How Do I Create an Attribute MSA Report in Excel Using SigmaXL?
Attribute MSA (Binary)
Attribute MSA is also known as Attribute Agreement Analysis. Use
the Binary option if the assessed result is text or numeric binary
(e.g., 0/1, Pass/Fail, Good/Bad, G/NG, Yes/No).
- Open the file Attribute MSA – AIAG.xlsx. This is an example from the Automotive Industry Action Group (AIAG) MSA Reference Manual, 3rd edition, page 127 (4th Edition, page 134). There are 50 samples, 3 appraisers and 3 trials with a 0/1 response. A “good” sample is denoted as a 1. A “bad” sample is denoted as a 0. Note that the worksheet data must be in stacked column format and the known reference values must be consistent for each sample.
- Click SigmaXL > Measurement Systems Analysis > Attribute MSA (Binary). Ensure that the entire data table is selected. Click Next.
- Select Part, Appraiser, Assessed
Result and Reference as shown. Check
Report Information and enter AIAG Attribute
MSA Binary for Product/Unit Name. Select
Percent Confidence Interval Type – Exact. The
default Good Level of “1”will be used as
specified in the AIAG manual:
Tip: The Good Level definition is used to determine Type I and Type II error rates. It is applicable only when a True Standard is selected.
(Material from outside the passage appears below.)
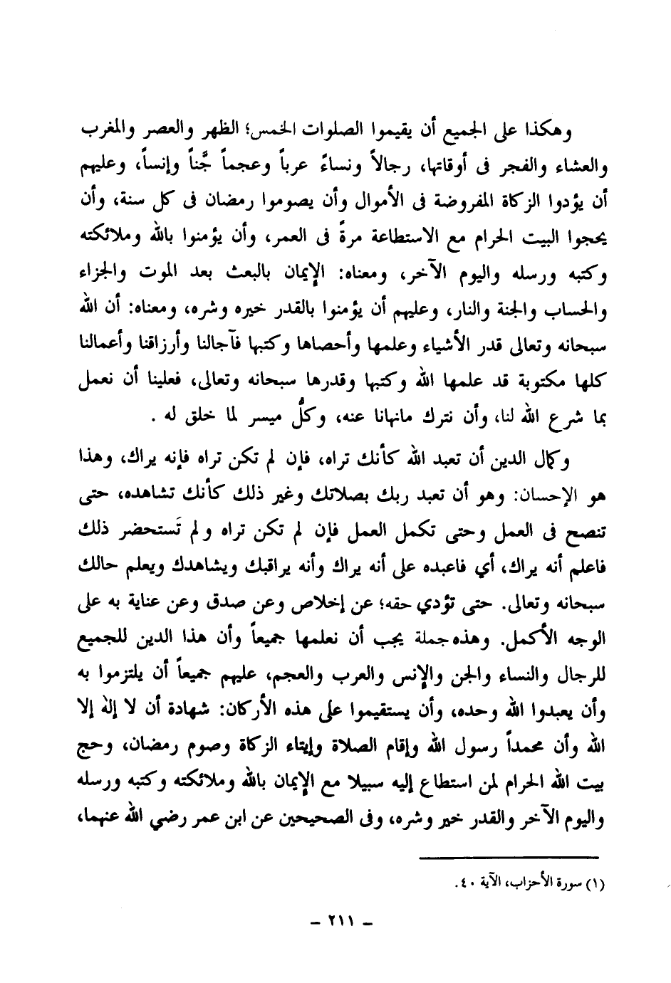 وهكذا على الجميع أن يقيموا الصلوات الخمس الظهر والعصر والمغرب والعشاء والفجر في أوقاتها، رجالا ونساءا عربا وعجما جنا وإنسا، وعليهم أن يؤدوا الزكاة المفروضة في الأموال وأن يصوموا رمضان في كل سنة، وأن يحجوا البيت الحرام مع الاستطاعة مرة في العمر، وأن يؤمنوا بالله وملائكته وكتبه ورسله واليوم الآخر، ومعناه: الإيمان بالبعث بعد الموت والجزاء والحساب والجنة والنار، وعليهم أن يؤمنوا بالقدر خيره وشره، ومعناه: أن الله سبحانه وتعالى قدر الأشياء وعلمها وأحصاها وكتبها فآجالنا وأرزاقنا وأعمالنا كلها مكتوبة قد علمها الله وكتبها وقدرها سبحانه وتعالى، فعلينا أن نعمل بما شرع الله لنا وأن نترك ما نهانا عنه، وكل ميسر لما خلق له.

Tip: Percent Confidence Interval
Type applies to the Percent Agreement and Percent Effectiveness
Confidence Intervals. These are binomial proportions that have an
"oscillation" phenomenon where the coverage probability varies with
the sample size and proportion value. Exact is
strictly conservative and will guarantee the specified confidence
level as a minimum coverage probability, but results in wider
intervals. Wilson Score has a mean coverage
probability that matches the specified confidence interval. Since
the intervals are narrower and thereby more powerful, Wilson Score
is recommended for use in attribute MSA studies due to the small
sample sizes typically used. Exact is selected in
this example for continuity with the results from SigmaXL Version 6.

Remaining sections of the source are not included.